LSTM and GRU — long-term memory
Before we begin
LSTM (Long Short-Term Memory) adds a memory cell and gates that decide what to keep, add, and output. GRU is a lighter variant with fewer gates.
What problem does LSTM solve? Remembering useful context across many time steps without vanishing gradients wiping it out.
Figure
LSTM gates
What you will learn
- Name the three LSTM gates and their roles.
- Compare LSTM vs GRU at a practical level.

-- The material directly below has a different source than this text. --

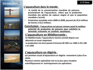Le document présente une étude préliminaire sur le barrage de Koudiet Lemdaour en Algérie, soulignant son rôle crucial pour l'approvisionnement en eau potable et en aquaculture dans la région. Il aborde les caractéristiques techniques du barrage, les espèces aquatiques présentes, et l'importance de l'aquaculture pour combler le déficit nutritionnel en protéines halieutiques dans la wilaya de Batna. En conclusion, le développement des activités aquacoles est jugé prometteur, nécessitant une formation et un soutien aux pêcheurs locaux.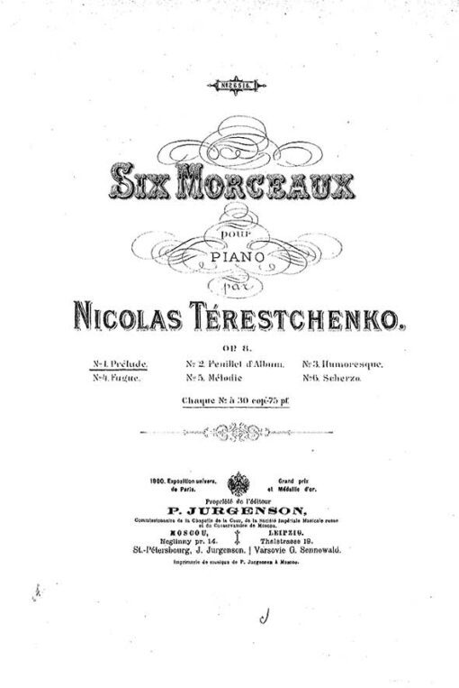 Tags: Barcarolle, Berceuse, Cello Sonata, Etude, Feuillet d'Album, Fugue, Humoresque, Improvisato, Melodie, Morceaux, Prelude, Russe, Scherzo, Vals

- Know when to pick LSTM/GRU for sentiment and sequences.
Before this lesson
LSTM intuition
Besides hidden state h, LSTM keeps cell state C — a conveyor belt of memory.
| Gate | Role |
|---|---|
| Forget | Drop irrelevant old cell content |
| Input | Add new candidate information |
| Output | What to expose as hidden state h |
Gates use sigmoid (0–1) to scale flows — differentiable “switches.”
GRU
Combines cell and hidden into one stream with:
- Reset gate — how much past to ignore when computing candidate
- Update gate — blend old hidden vs new candidate
Often similar accuracy to LSTM with fewer parameters — good default to try first on medium text tasks.
LSTM for sentiment
Review: “Not perfect, but honestly pretty good overall.”
LSTM can link “not perfect” with later “pretty good” better than bag-of-words — order and contrast matter.
Your Module 4 project uses LSTM on product reviews.
vs Transformers (preview)
Transformers (Module 6) attend to all tokens at once — often beat LSTM on long text today. LSTM/GRU remain valuable to understand sequential modeling and for small edge deployments.
Checkpoint
What does the forget gate do?
Answer sketch
It decides how much of the old cell state to erase before writing new information.